[Data for this task]
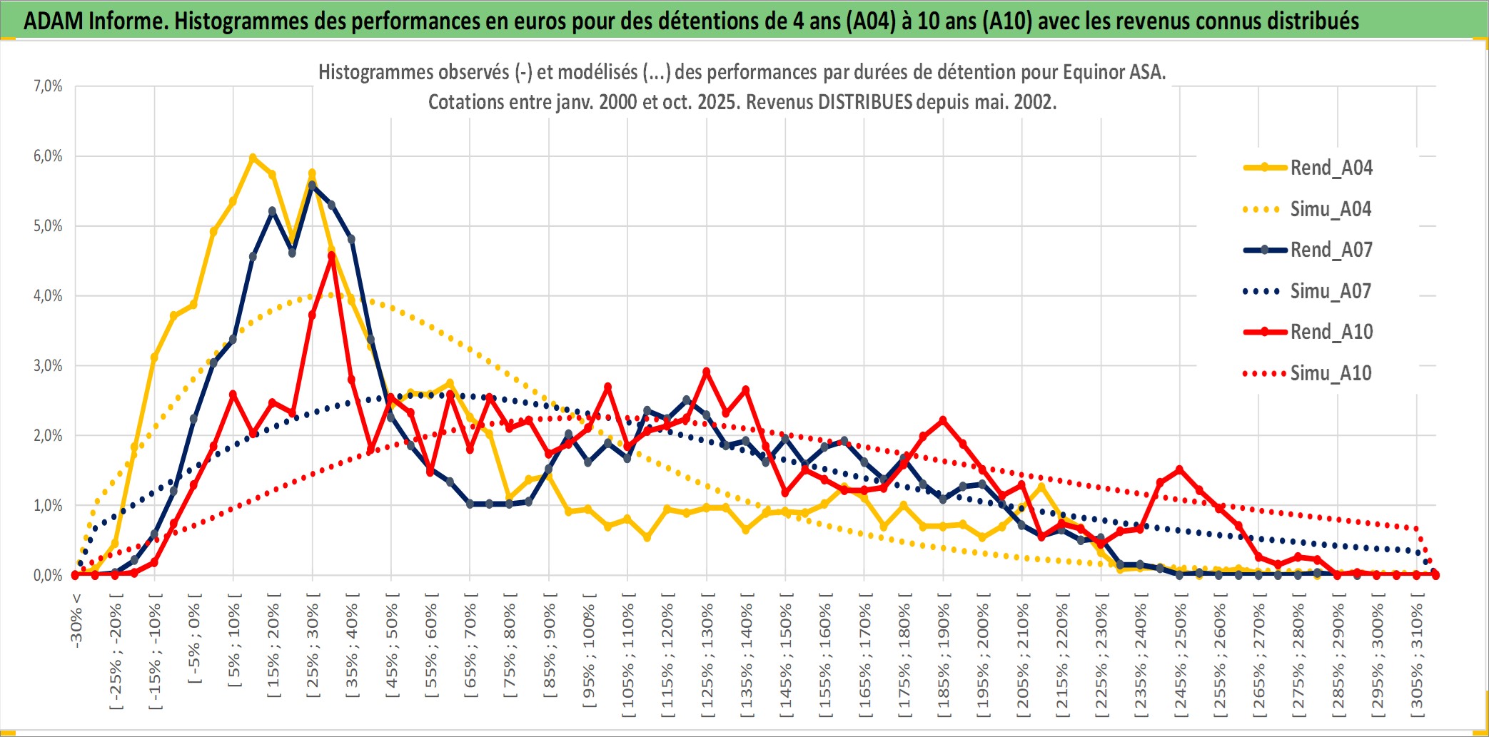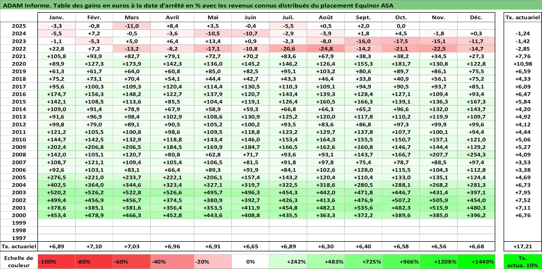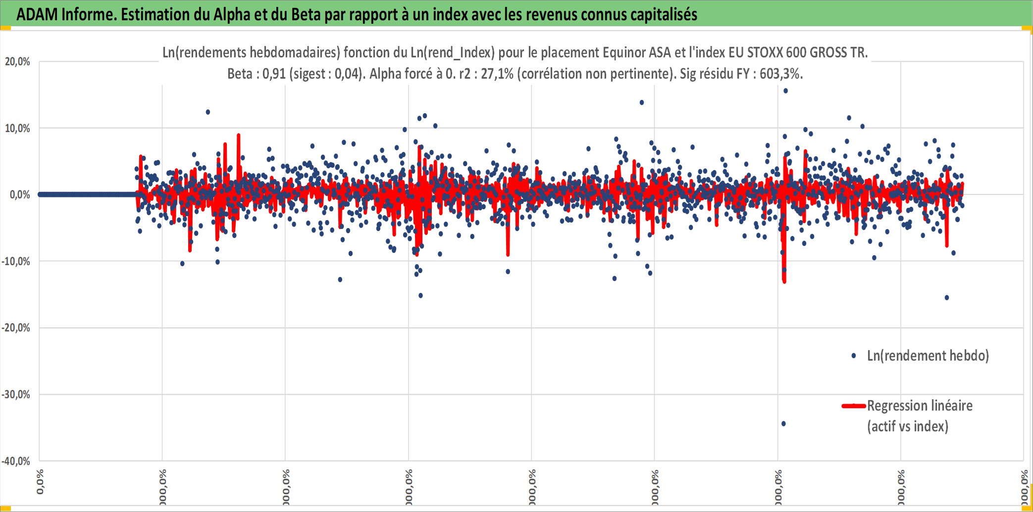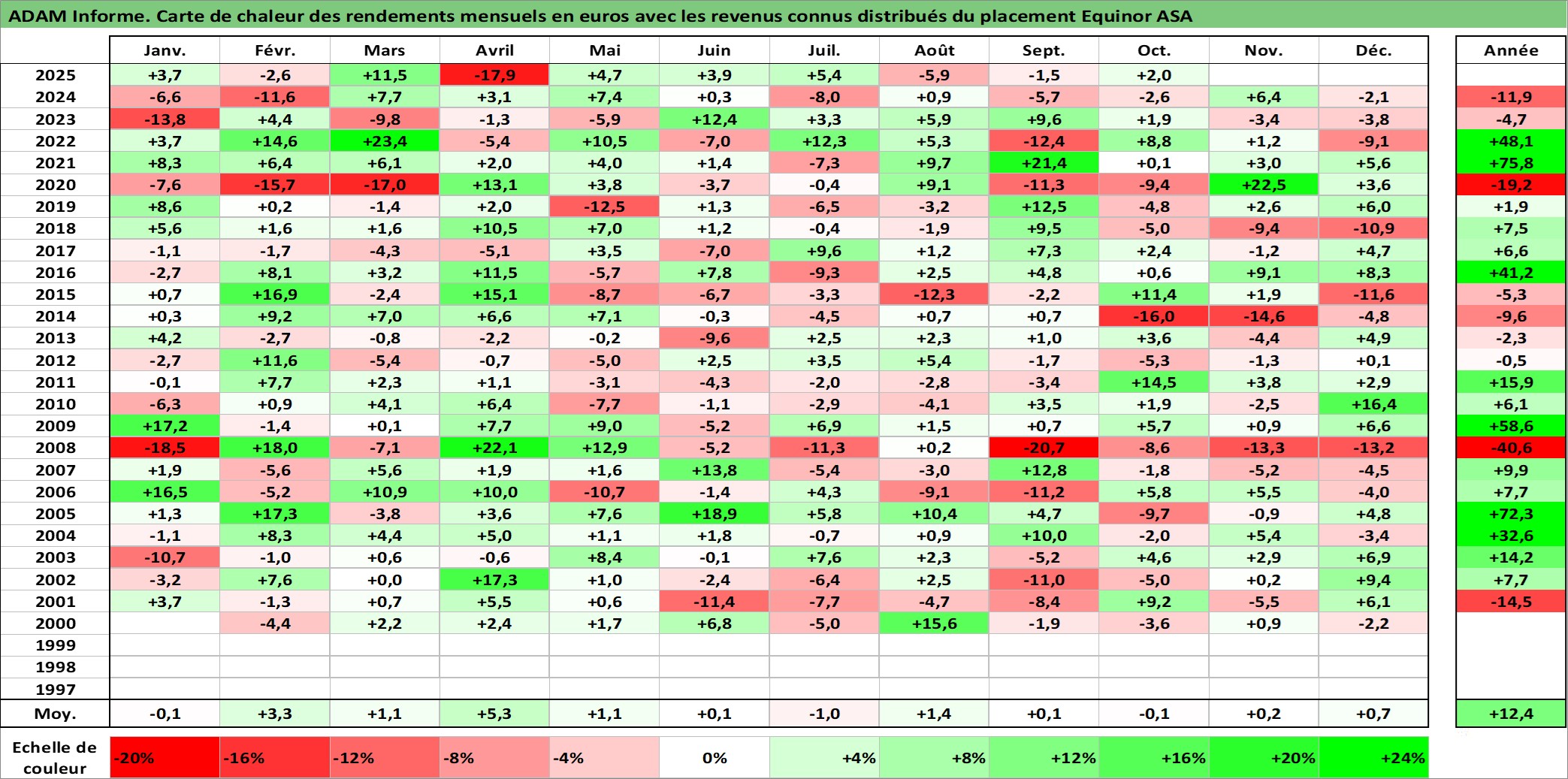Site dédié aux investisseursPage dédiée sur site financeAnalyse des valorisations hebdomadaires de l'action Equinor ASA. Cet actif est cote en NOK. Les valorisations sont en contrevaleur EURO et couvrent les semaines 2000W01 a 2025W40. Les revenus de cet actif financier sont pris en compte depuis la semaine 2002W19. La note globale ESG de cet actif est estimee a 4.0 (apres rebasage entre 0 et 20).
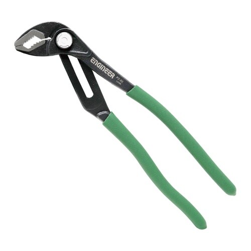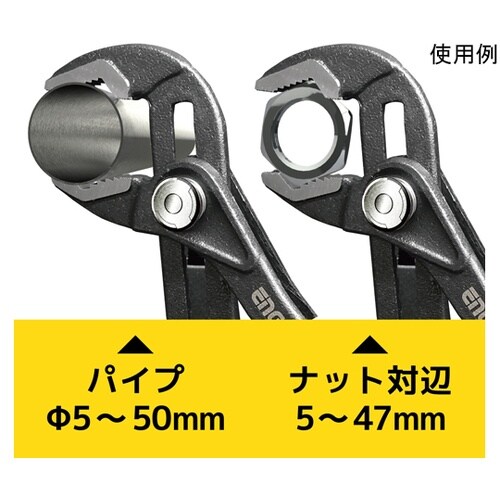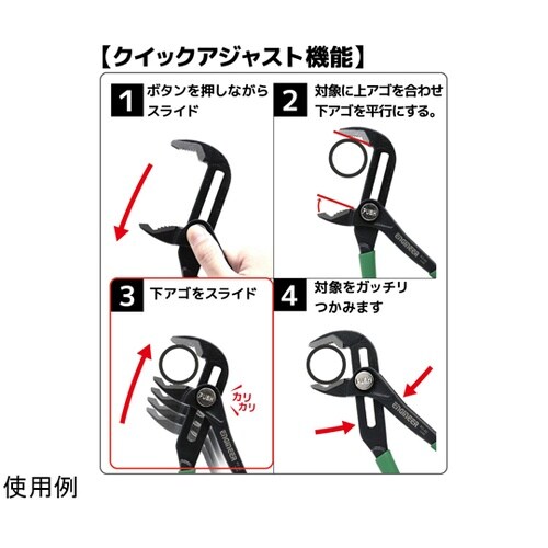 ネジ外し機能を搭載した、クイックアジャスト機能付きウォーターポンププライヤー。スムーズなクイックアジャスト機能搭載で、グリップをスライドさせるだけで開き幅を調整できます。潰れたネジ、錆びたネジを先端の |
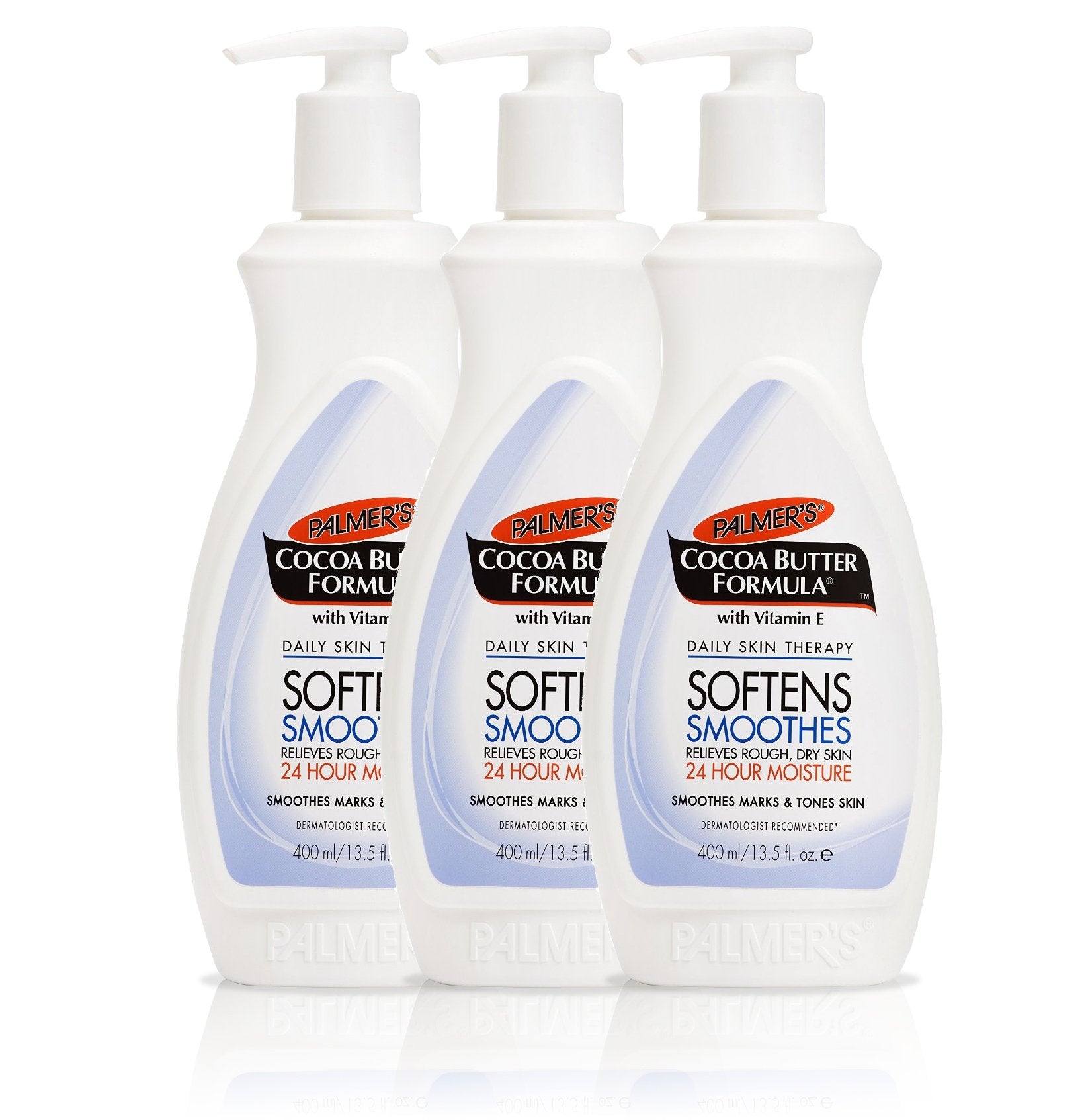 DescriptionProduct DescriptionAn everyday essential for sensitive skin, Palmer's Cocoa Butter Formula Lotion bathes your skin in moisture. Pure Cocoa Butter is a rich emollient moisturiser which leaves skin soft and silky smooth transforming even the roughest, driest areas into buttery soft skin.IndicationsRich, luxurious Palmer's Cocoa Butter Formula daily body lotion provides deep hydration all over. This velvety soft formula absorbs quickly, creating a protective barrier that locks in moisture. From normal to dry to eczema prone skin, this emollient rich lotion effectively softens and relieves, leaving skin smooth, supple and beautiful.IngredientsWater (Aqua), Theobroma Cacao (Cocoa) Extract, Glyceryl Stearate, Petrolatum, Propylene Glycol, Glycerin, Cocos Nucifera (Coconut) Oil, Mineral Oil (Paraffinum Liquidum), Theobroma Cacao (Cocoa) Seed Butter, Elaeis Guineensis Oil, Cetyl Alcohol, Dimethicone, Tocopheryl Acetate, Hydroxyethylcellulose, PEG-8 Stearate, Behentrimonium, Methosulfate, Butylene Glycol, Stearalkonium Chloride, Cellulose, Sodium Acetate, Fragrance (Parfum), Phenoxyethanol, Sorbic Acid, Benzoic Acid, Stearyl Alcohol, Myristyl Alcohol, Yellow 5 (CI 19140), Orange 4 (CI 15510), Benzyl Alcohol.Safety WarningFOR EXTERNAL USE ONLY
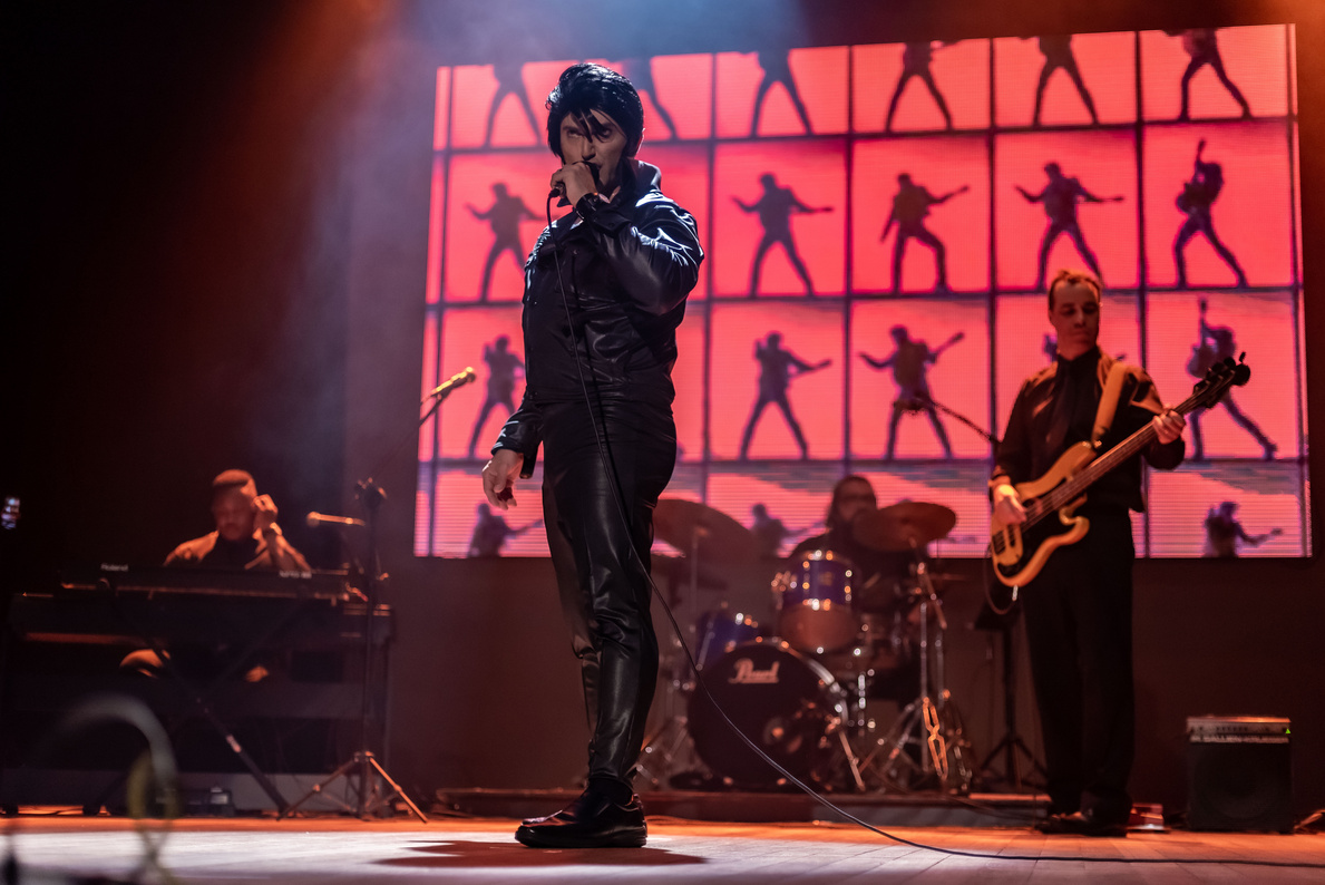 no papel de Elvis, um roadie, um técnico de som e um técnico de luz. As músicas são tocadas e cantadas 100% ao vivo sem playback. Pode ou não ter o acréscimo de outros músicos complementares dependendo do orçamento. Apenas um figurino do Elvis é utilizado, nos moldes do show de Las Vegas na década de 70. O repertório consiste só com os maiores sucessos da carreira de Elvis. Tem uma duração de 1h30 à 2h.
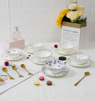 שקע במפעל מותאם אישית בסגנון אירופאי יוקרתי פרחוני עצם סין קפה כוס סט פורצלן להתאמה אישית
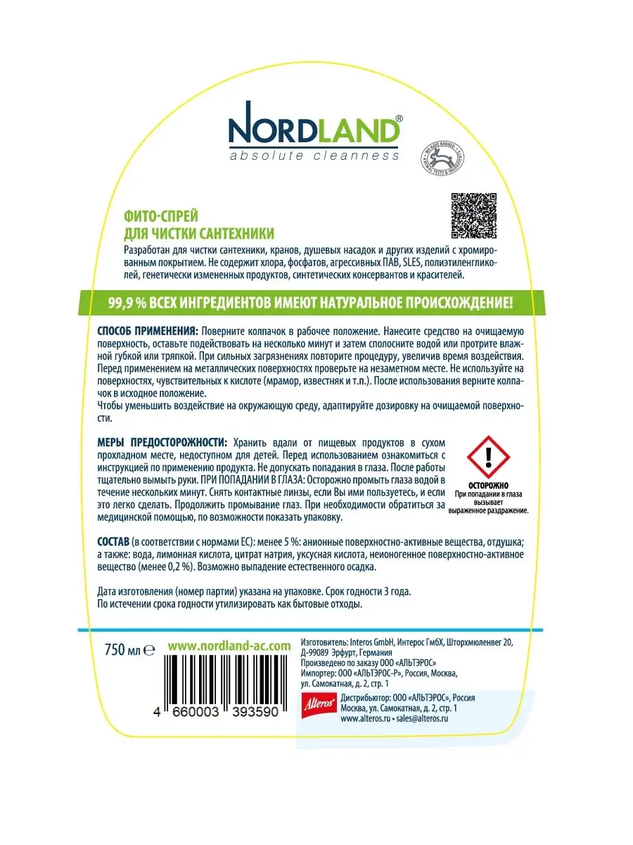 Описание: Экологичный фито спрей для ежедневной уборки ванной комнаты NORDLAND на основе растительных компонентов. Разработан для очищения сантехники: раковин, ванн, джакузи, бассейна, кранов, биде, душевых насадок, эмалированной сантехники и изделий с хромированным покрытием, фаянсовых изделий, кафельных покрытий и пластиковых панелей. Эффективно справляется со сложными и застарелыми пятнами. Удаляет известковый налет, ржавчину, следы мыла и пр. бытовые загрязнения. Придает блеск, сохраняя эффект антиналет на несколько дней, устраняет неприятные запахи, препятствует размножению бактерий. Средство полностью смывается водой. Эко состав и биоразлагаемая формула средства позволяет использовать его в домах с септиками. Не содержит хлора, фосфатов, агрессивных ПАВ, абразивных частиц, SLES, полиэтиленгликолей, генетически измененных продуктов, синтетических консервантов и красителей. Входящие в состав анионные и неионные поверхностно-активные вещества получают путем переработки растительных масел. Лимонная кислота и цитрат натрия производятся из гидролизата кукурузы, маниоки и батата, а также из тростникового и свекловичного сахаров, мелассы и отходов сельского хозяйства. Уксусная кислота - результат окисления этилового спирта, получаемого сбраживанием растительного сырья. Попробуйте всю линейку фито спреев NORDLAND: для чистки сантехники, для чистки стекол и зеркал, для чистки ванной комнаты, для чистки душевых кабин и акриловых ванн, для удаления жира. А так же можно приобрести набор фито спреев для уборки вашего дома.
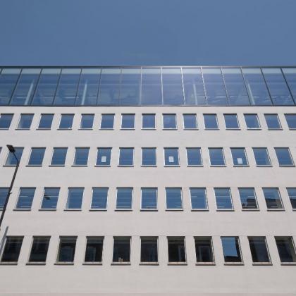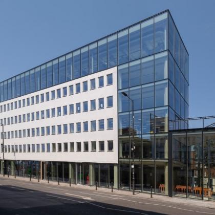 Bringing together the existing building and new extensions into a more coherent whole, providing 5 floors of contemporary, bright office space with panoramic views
[/Data for this task]
▸ What needs to be done: Write out the records above exactly. Begin with the first line, end with the line holding "ネジ外し機能を搭載した、クイ", and drop the pictures.

▸ Result of the exercise:
Site dédié aux investisseursPage dédiée sur site financeAnalyse des valorisations hebdomadaires de l'action Equinor ASA. Cet actif est cote en NOK. Les valorisations sont en contrevaleur EURO et couvrent les semaines 2000W01 a 2025W40. Les revenus de cet actif financier sont pris en compte depuis la semaine 2002W19. La note globale ESG de cet actif est estimee a 4.0 (apres rebasage entre 0 et 20).
 ネジ外し機能を搭載した、クイックアジャスト機能付きウォーターポンププライヤー。スムーズなクイックアジャスト機能搭載で、グリップをスライドさせるだけで開き幅を調整できます。潰れたネジ、錆びたネジを先端の |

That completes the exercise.